Overlooking a heavenly mountain ridge of the southern edge of the
Central Highlands, Haputale is one of the most spectacular townships of
Sri Lanka.Haputale’s high elevation offers a stunning bird’s eye view to
the north and the south. Towards the southern side are plains that
tumble near the coast. To the northern section are green hills making up
the rest of the beautiful highlands.
The Haputale Gap is one of the places that offer breathtaking views
in the country. The great amphitheatre of the upper Uva spreads out to
the North and East. It is surrounded by the mountains of Idalgashinna,
Ohiya and the Horton Plains National Park, the peaks of Hakgala (Hakgala
Botanical Gardens is located there), the purple cone of Namunukula and
Poonagala and Nuwara Eliya. On the other side is an equally breathtaking
view and the foothills of the lower Uva, the southern Sabaragamuwa
followed by Southern Province right down to the sea. On a bright and
cloudless day, one could see the ocean as a bright blue line in the
distance, disclosing the stabbing rays of the little lighthouse of
Hambantota, far south.
The highlight of a nature trek is the tranquil Lipton’s Seat bringing
in a panoramic view that sweeps you off the feet. While hiking you
wouldn’t miss the famous tea factory, old country mansion of Adhisham
and Diyaluma Falls.
A little way off the town, some of the tea plantations are geared to
welcome the tourists. The colonial heritage of Ceylon is brought to life
by St. Andrew’s, neo-Gothic church located just north of the town along
the main road Haputale-Bandarawela. The graveyard of the church takes
solace in providing the final resting places to the illustrious British
tea planters.
The Benedictine monastery of Addisham is a few kilometres from
Haputale. The sign at the main gate reads ‘Silence is Golden’, a golden
saying hardly adhered by the million mutinies of the modern world devoid
of collective responsibility yet clamouring for individual rights.
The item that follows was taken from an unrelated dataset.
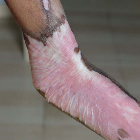 Pushpa came to just a few of the meetings; so not seeing or hearing from her some months later one of our social workers paid her a visit. Unfortunately, she found Pushpa with 2nd degree burns extending from her chin to her stomach and covering her arms. She said it was an accident caused by an oil lamp; but we later discovered that it was attempted suicide. The burns though only a few months old had caused contracture of the skin making it difficult for her to lift her head or straighten her arms; they were also extremely painful.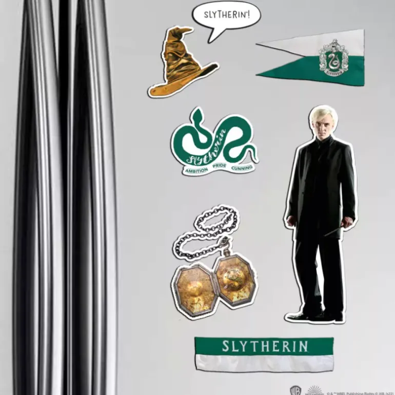 Es un conjunto de imanes inspirados en la famosa Casa Slytherin de Hogwarts, el colegio de magia y hechicería más popular de la saga. Fíjate bien porque en estos imanes podrás encontrar cositas tan icónicas como Guardapelo de Salazar Slytherin, el Sombrero Seleccionador o incluso al mismísimo Draco Malfoy, una de las alumnos más representativos de Slytherin.

The old colonial British planters’ bungalow was converted into a
monastery by an industrious team of monks with tons of stonework. The
original bungalow was built by a Kentish gentleman, who having filled it
with imported carpets, porcelain, furniture and glassware, even had an
English chauffeur brought in for his Daimler.
Today the monastery runs a domestic industry of food products such as
jams and jellies from guavas and fruit cordials. The monastery bordering
the Tangamalai bird sanctuary, the garden is home to blue magpies,
paradise flycatchers, green barbets, brilliant orange plumaged mini-verts
hornbills, golden orioles and a host of other bird life.